How to complete this task — Set down exactly the lines from the one containing "Generic Ricky Bobby" to the final line of the records below, with every picture omitted.

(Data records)
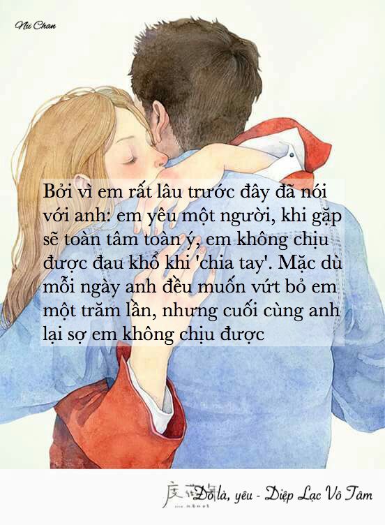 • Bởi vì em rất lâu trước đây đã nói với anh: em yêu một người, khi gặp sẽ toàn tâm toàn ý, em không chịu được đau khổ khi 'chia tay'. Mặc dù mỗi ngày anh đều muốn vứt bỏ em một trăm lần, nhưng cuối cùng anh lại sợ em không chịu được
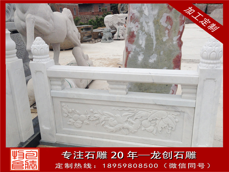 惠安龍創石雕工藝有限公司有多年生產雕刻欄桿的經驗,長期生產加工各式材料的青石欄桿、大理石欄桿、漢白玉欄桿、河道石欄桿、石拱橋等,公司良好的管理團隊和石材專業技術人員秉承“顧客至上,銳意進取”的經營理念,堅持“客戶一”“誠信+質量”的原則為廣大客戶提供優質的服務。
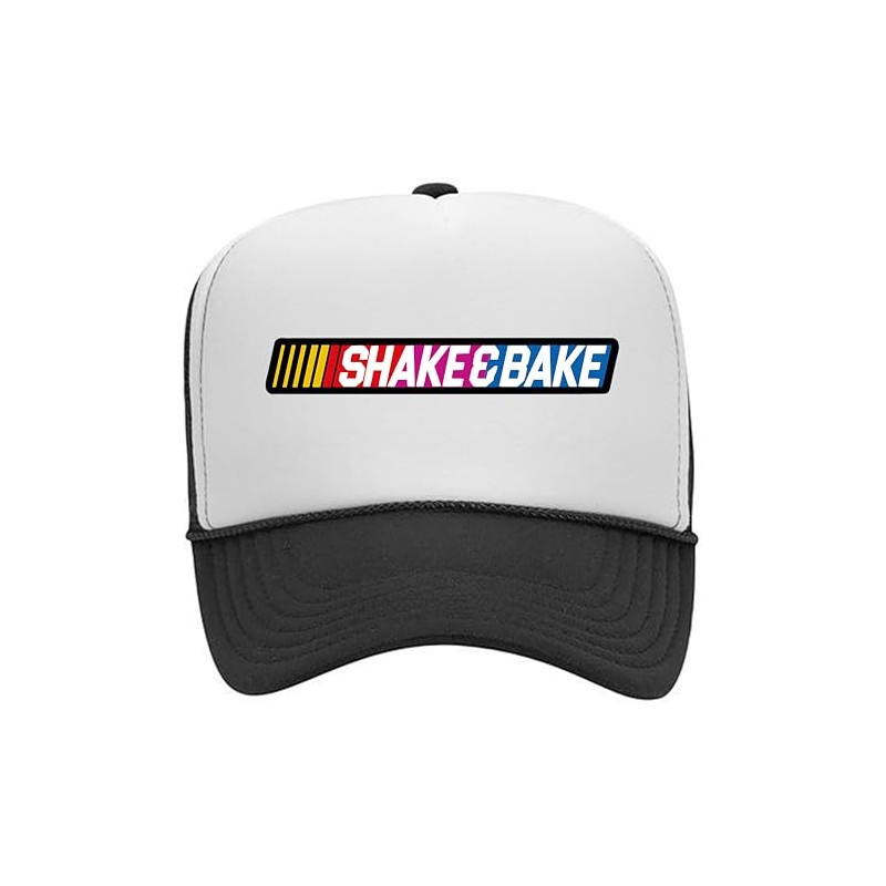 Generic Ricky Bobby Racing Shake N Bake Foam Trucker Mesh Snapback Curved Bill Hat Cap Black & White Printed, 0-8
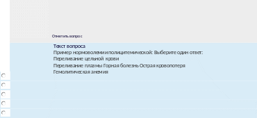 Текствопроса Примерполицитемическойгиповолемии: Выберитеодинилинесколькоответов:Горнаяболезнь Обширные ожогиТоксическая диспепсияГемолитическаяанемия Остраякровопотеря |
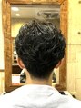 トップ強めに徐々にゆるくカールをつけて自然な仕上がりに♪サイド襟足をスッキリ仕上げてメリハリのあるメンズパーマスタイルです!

Task answer —
 Generic Ricky Bobby Racing Shake N Bake Foam Trucker Mesh Snapback Curved Bill Hat Cap Black & White Printed, 0-8
 Текствопроса Примерполицитемическойгиповолемии: Выберитеодинилинесколькоответов:Горнаяболезнь Обширные ожогиТоксическая диспепсияГемолитическаяанемия Остраякровопотеря |
 トップ強めに徐々にゆるくカールをつけて自然な仕上がりに♪サイド襟足をスッキリ仕上げてメリハリのあるメンズパーマスタイルです!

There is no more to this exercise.